For BIP.credit with DentsuX, I worked across design, motion and social to help launch the world’s first cardless credit app. The challenge was to translate a sharply defined brand identity into social-first communications that could introduce a new financial behaviour without adding complexity, friction or visual noise. Working within a deliberately restrained visual system, we developed a campaign centred on reduction and focus, using minimal compositions, disciplined motion and high-contrast colour to reinforce the direct relationship between user and product. The result was a distinctive and ownable social presence that reflected the simplicity of the service itself, communicating confidence through clarity rather than explanation.

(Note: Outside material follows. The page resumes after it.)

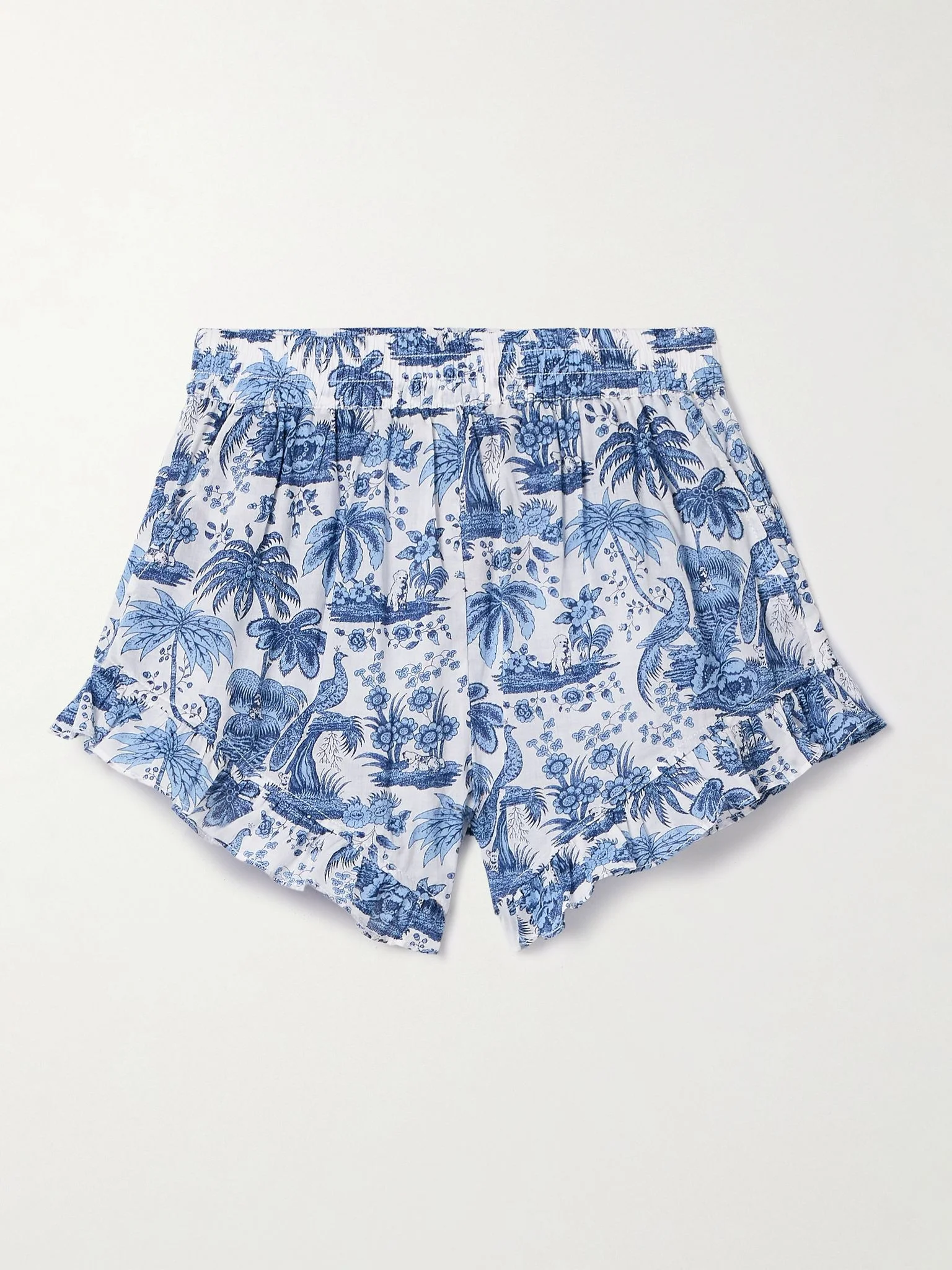 STAUD's 'Boyana' shorts are meant to be worn with the matching shirt in our edit - they'll work just as well with a white tank or tee, too. Made from lightweight cotton-voile, they're printed with a French-inspired 'toile' motif and have a lightly gathered elasticated waistband and ruffled cuffs. Size & Fit - Fits true to size, take your normal size - Mid-rise, cut for a loose fit - Elasticated at the waist for a flexible fit - Lightweight, non-stretchy fabric - Model is 177cm/ 5'10" and is wearing a size XSmall Model measurements: - Bust: 79cm/ 31” - Waist: 61cm/ 24” - Hip: 89cm/ 35” Details & Care - Blue and white cotton-voile - Pull on - 100% cotton - Machine wash

For Nokia with Grey, I worked across art direction, identity, design, motion and social to support the relaunch of the iconic Nokia 3310 alongside the release of No Time To Die. Following pandemic-related delays that disrupted the original campaign rollout, the challenge was to reintroduce a cultural icon in a way that felt relevant to a contemporary audience while aligning it with the world of Bond. We developed a live, social-first mini-series following Nomi’s mission as it unfolded across four global cities, blending newly captured footage with curated content to create a real-time narrative experience. Rather than focusing on product specifications, the Nokia 3310 was woven naturally into the story as a symbol of resilience and reliability. The result was a launch that connected nostalgia with contemporary storytelling, bringing one of the world’s most recognisable phones back into culture at the pace of social.